REQUIRED WORK
Of the lines below, reproduce exactly those from the line containing "Женская футболка Pezzo" to the end, including both the first and the last.

DATA SUPPLIED
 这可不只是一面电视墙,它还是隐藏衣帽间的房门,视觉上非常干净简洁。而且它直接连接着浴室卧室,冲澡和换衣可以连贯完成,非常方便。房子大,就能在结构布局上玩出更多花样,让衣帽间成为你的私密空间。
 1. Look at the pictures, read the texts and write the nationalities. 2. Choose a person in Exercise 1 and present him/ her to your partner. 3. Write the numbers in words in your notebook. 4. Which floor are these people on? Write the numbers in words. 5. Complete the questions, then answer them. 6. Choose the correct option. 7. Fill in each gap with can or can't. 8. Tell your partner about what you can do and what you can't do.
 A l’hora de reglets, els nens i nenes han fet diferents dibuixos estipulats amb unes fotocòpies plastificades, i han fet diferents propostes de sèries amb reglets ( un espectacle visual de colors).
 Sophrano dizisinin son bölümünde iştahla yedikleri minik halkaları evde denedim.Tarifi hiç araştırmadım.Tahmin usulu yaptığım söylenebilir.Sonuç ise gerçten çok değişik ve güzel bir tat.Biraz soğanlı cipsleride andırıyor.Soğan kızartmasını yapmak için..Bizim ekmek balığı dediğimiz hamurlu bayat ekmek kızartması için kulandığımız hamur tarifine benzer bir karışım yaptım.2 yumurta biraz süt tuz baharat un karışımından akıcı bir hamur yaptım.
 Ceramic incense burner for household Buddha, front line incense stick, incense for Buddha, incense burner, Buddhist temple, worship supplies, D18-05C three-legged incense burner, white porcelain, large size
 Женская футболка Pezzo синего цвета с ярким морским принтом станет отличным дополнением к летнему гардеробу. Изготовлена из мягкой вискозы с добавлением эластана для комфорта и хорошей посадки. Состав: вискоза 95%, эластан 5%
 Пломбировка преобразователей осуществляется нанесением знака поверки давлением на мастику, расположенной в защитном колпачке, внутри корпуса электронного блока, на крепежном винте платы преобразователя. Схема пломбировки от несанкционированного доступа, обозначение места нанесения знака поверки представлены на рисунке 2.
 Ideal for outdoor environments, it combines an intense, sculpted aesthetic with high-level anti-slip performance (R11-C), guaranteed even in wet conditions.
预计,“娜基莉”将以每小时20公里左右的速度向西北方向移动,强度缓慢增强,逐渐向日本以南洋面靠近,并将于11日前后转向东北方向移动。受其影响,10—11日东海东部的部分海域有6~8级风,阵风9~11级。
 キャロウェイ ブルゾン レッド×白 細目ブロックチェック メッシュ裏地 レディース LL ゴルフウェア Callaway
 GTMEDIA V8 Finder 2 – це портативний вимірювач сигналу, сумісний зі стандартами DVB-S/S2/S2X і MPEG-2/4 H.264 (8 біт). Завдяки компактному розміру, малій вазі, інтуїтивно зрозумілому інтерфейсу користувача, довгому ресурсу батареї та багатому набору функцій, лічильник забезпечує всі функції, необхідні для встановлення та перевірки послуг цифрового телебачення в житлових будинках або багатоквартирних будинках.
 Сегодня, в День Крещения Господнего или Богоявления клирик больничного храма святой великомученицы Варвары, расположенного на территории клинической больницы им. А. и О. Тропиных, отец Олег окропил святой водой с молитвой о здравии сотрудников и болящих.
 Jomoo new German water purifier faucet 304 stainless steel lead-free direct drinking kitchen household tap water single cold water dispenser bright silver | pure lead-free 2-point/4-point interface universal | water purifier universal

WRITTEN RESPONSE
 Женская футболка Pezzo синего цвета с ярким морским принтом станет отличным дополнением к летнему гардеробу. Изготовлена из мягкой вискозы с добавлением эластана для комфорта и хорошей посадки. Состав: вискоза 95%, эластан 5%
 Пломбировка преобразователей осуществляется нанесением знака поверки давлением на мастику, расположенной в защитном колпачке, внутри корпуса электронного блока, на крепежном винте платы преобразователя. Схема пломбировки от несанкционированного доступа, обозначение места нанесения знака поверки представлены на рисунке 2.
 Ideal for outdoor environments, it combines an intense, sculpted aesthetic with high-level anti-slip performance (R11-C), guaranteed even in wet conditions.
预计,“娜基莉”将以每小时20公里左右的速度向西北方向移动,强度缓慢增强,逐渐向日本以南洋面靠近,并将于11日前后转向东北方向移动。受其影响,10—11日东海东部的部分海域有6~8级风,阵风9~11级。
 キャロウェイ ブルゾン レッド×白 細目ブロックチェック メッシュ裏地 レディース LL ゴルフウェア Callaway
 GTMEDIA V8 Finder 2 – це портативний вимірювач сигналу, сумісний зі стандартами DVB-S/S2/S2X і MPEG-2/4 H.264 (8 біт). Завдяки компактному розміру, малій вазі, інтуїтивно зрозумілому інтерфейсу користувача, довгому ресурсу батареї та багатому набору функцій, лічильник забезпечує всі функції, необхідні для встановлення та перевірки послуг цифрового телебачення в житлових будинках або багатоквартирних будинках.
 Сегодня, в День Крещения Господнего или Богоявления клирик больничного храма святой великомученицы Варвары, расположенного на территории клинической больницы им. А. и О. Тропиных, отец Олег окропил святой водой с молитвой о здравии сотрудников и болящих.
 Jomoo new German water purifier faucet 304 stainless steel lead-free direct drinking kitchen household tap water single cold water dispenser bright silver | pure lead-free 2-point/4-point interface universal | water purifier universal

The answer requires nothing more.